#### [What you will do]
Here the job is to transcribe only the lines from the one containing "pěkná patina, téměř" through the last line below, exactly as written; please leave out pictures.

#### [Information provided]
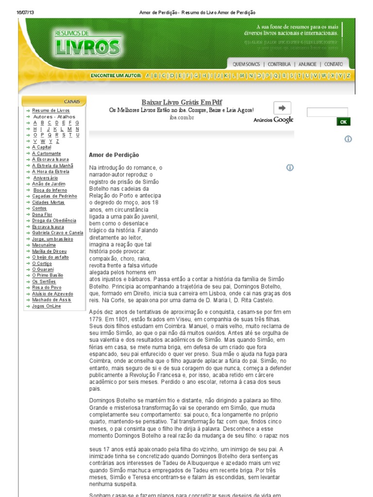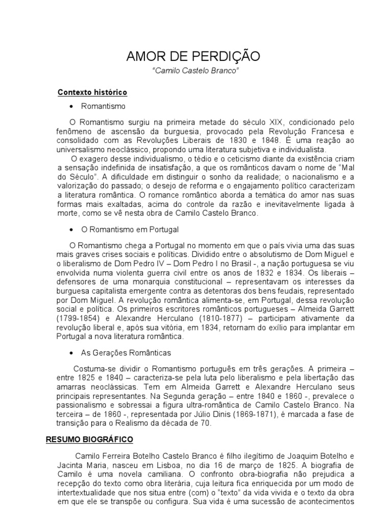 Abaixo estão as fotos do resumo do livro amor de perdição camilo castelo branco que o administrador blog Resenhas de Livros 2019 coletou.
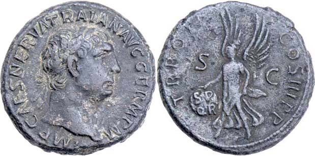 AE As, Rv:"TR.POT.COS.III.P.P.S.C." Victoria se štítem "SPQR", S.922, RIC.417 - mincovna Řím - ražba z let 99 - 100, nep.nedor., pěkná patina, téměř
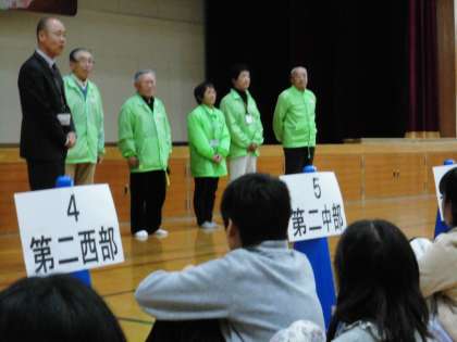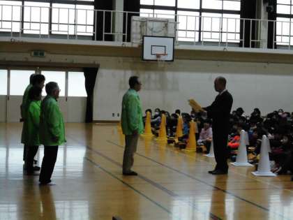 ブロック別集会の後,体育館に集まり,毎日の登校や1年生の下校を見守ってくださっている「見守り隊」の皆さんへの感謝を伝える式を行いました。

#### [Task response]
 AE As, Rv:"TR.POT.COS.III.P.P.S.C." Victoria se štítem "SPQR", S.922, RIC.417 - mincovna Řím - ražba z let 99 - 100, nep.nedor., pěkná patina, téměř
 ブロック別集会の後,体育館に集まり,毎日の登校や1年生の下校を見守ってくださっている「見守り隊」の皆さんへの感謝を伝える式を行いました。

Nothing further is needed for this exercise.